Task to complete
The copy you give must match the records exactly, except that it holds no images.

==== Dataset

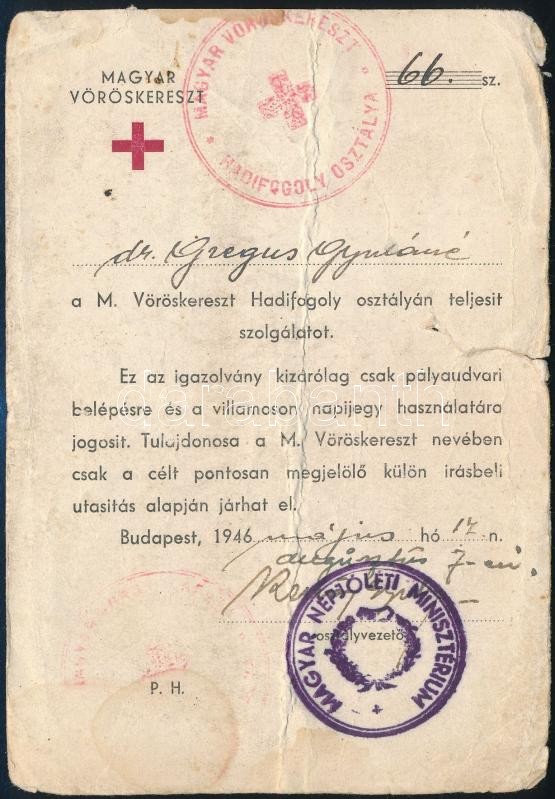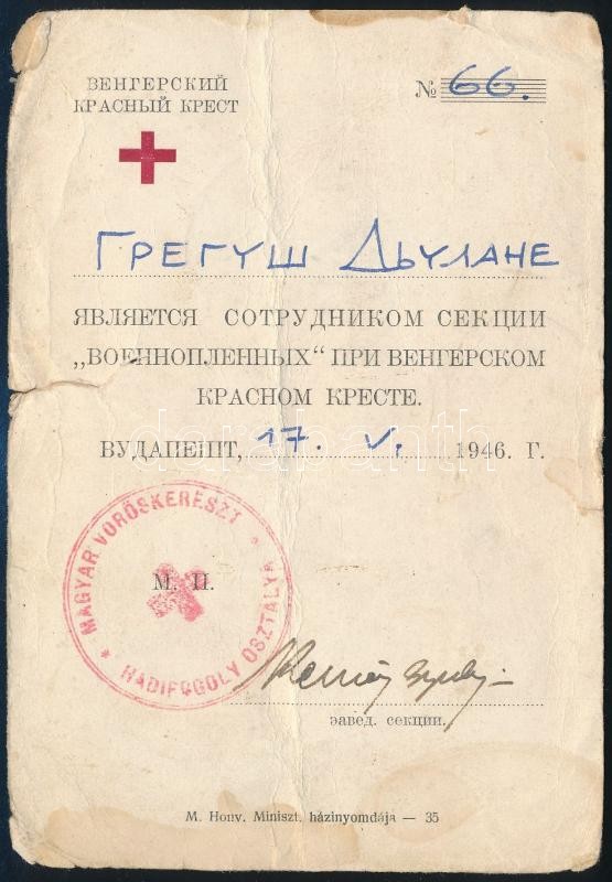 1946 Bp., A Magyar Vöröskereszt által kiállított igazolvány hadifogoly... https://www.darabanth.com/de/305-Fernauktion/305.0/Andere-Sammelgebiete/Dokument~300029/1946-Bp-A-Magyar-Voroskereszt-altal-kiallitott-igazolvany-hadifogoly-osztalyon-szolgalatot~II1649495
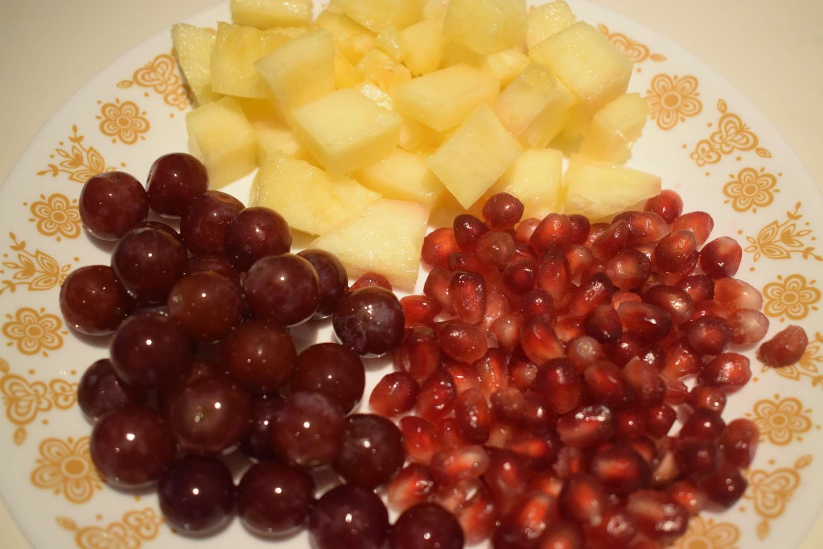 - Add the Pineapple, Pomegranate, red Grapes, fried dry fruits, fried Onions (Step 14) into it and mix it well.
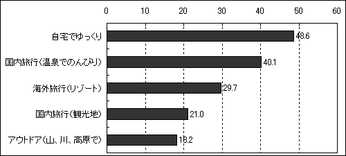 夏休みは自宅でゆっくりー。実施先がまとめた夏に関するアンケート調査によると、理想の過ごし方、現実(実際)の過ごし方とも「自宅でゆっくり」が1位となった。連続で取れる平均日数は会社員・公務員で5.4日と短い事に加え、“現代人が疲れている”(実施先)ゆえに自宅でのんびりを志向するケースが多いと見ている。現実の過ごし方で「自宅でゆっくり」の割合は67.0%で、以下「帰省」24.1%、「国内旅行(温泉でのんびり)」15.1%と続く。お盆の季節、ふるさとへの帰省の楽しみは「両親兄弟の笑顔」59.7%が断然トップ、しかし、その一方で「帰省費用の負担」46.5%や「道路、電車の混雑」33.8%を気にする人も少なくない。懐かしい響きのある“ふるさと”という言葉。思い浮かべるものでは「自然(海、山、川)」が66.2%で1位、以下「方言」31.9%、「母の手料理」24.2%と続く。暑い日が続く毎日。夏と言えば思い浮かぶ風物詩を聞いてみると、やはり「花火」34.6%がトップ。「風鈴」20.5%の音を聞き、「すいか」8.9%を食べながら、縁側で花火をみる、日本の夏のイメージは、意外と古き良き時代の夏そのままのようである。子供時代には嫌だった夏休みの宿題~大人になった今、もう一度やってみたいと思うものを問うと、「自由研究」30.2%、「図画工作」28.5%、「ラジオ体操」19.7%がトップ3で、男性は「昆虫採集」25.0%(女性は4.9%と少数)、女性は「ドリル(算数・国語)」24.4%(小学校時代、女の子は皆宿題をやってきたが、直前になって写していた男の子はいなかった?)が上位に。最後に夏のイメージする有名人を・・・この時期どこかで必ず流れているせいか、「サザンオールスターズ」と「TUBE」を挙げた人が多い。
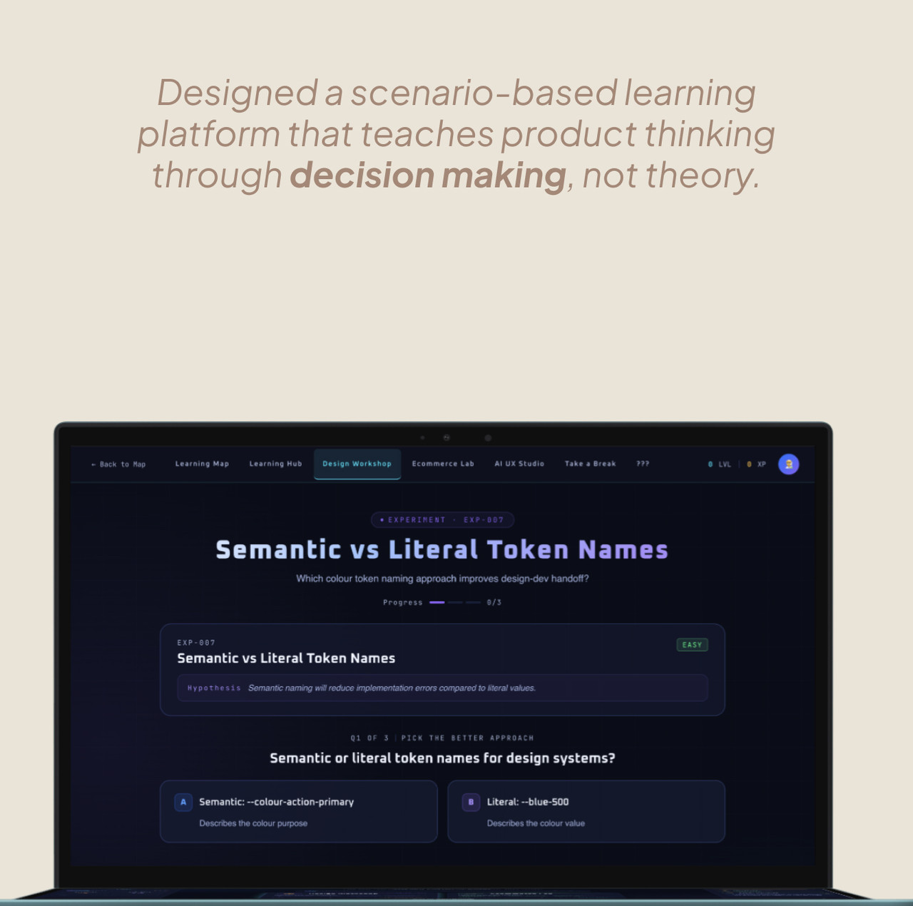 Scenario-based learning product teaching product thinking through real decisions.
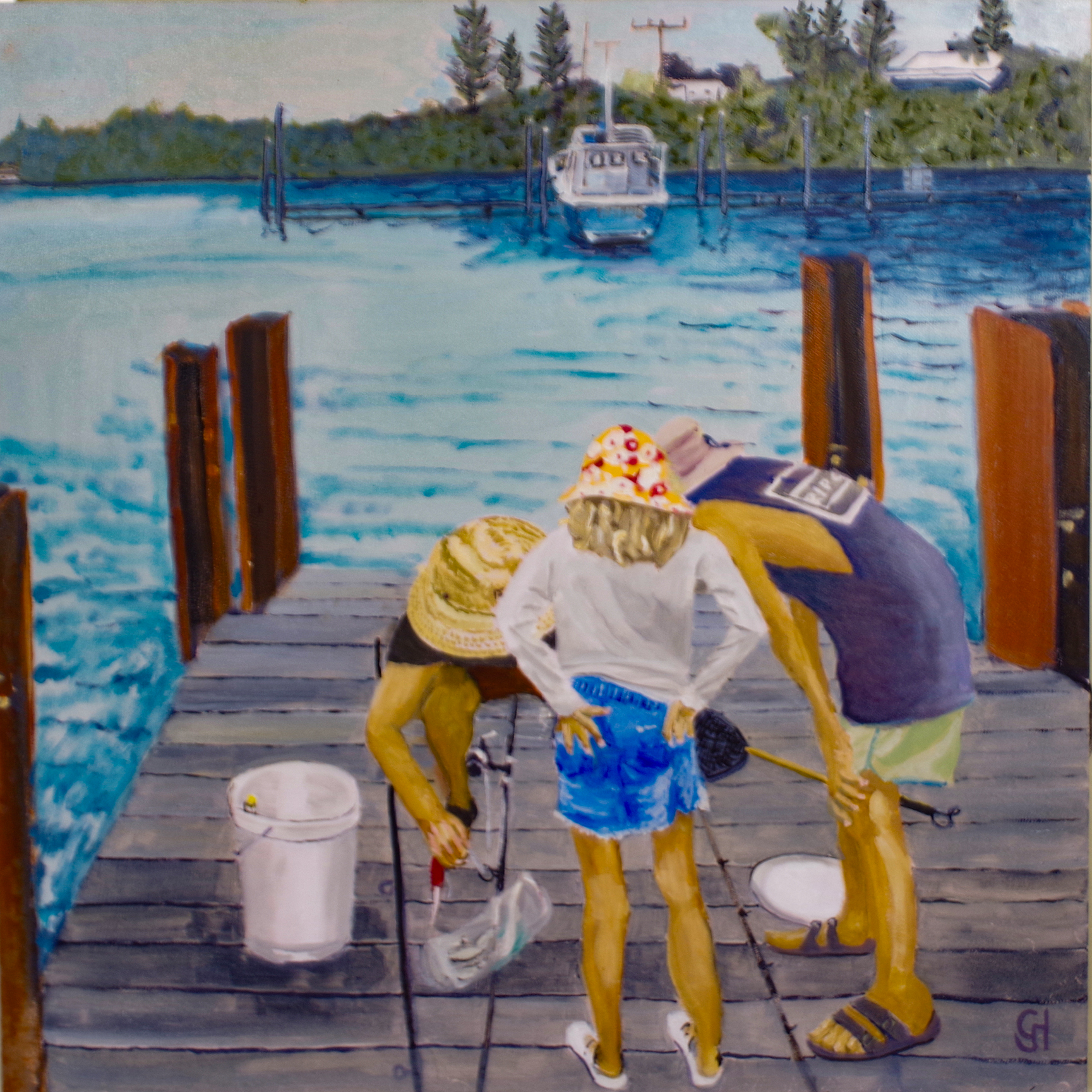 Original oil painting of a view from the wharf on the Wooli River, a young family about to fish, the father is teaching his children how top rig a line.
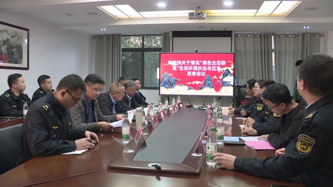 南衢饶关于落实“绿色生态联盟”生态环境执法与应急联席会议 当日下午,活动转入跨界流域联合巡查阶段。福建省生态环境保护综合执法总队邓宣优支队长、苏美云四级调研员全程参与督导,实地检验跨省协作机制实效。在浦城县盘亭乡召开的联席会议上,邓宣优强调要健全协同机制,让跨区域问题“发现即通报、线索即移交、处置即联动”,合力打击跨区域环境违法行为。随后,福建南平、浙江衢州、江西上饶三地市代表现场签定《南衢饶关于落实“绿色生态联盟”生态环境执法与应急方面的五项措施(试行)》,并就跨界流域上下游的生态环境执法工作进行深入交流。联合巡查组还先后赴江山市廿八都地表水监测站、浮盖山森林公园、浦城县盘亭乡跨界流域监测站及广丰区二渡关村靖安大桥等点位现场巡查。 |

========

Solution to this problem
 1946 Bp., A Magyar Vöröskereszt által kiállított igazolvány hadifogoly... https://www.darabanth.com/de/305-Fernauktion/305.0/Andere-Sammelgebiete/Dokument~300029/1946-Bp-A-Magyar-Voroskereszt-altal-kiallitott-igazolvany-hadifogoly-osztalyon-szolgalatot~II1649495
 - Add the Pineapple, Pomegranate, red Grapes, fried dry fruits, fried Onions (Step 14) into it and mix it well.
 夏休みは自宅でゆっくりー。実施先がまとめた夏に関するアンケート調査によると、理想の過ごし方、現実(実際)の過ごし方とも「自宅でゆっくり」が1位となった。連続で取れる平均日数は会社員・公務員で5.4日と短い事に加え、“現代人が疲れている”(実施先)ゆえに自宅でのんびりを志向するケースが多いと見ている。現実の過ごし方で「自宅でゆっくり」の割合は67.0%で、以下「帰省」24.1%、「国内旅行(温泉でのんびり)」15.1%と続く。お盆の季節、ふるさとへの帰省の楽しみは「両親兄弟の笑顔」59.7%が断然トップ、しかし、その一方で「帰省費用の負担」46.5%や「道路、電車の混雑」33.8%を気にする人も少なくない。懐かしい響きのある“ふるさと”という言葉。思い浮かべるものでは「自然(海、山、川)」が66.2%で1位、以下「方言」31.9%、「母の手料理」24.2%と続く。暑い日が続く毎日。夏と言えば思い浮かぶ風物詩を聞いてみると、やはり「花火」34.6%がトップ。「風鈴」20.5%の音を聞き、「すいか」8.9%を食べながら、縁側で花火をみる、日本の夏のイメージは、意外と古き良き時代の夏そのままのようである。子供時代には嫌だった夏休みの宿題~大人になった今、もう一度やってみたいと思うものを問うと、「自由研究」30.2%、「図画工作」28.5%、「ラジオ体操」19.7%がトップ3で、男性は「昆虫採集」25.0%(女性は4.9%と少数)、女性は「ドリル(算数・国語)」24.4%(小学校時代、女の子は皆宿題をやってきたが、直前になって写していた男の子はいなかった?)が上位に。最後に夏のイメージする有名人を・・・この時期どこかで必ず流れているせいか、「サザンオールスターズ」と「TUBE」を挙げた人が多い。
 Scenario-based learning product teaching product thinking through real decisions.
 Original oil painting of a view from the wharf on the Wooli River, a young family about to fish, the father is teaching his children how top rig a line.
 南衢饶关于落实“绿色生态联盟”生态环境执法与应急联席会议 当日下午,活动转入跨界流域联合巡查阶段。福建省生态环境保护综合执法总队邓宣优支队长、苏美云四级调研员全程参与督导,实地检验跨省协作机制实效。在浦城县盘亭乡召开的联席会议上,邓宣优强调要健全协同机制,让跨区域问题“发现即通报、线索即移交、处置即联动”,合力打击跨区域环境违法行为。随后,福建南平、浙江衢州、江西上饶三地市代表现场签定《南衢饶关于落实“绿色生态联盟”生态环境执法与应急方面的五项措施(试行)》,并就跨界流域上下游的生态环境执法工作进行深入交流。联合巡查组还先后赴江山市廿八都地表水监测站、浮盖山森林公园、浦城县盘亭乡跨界流域监测站及广丰区二渡关村靖安大桥等点位现场巡查。 |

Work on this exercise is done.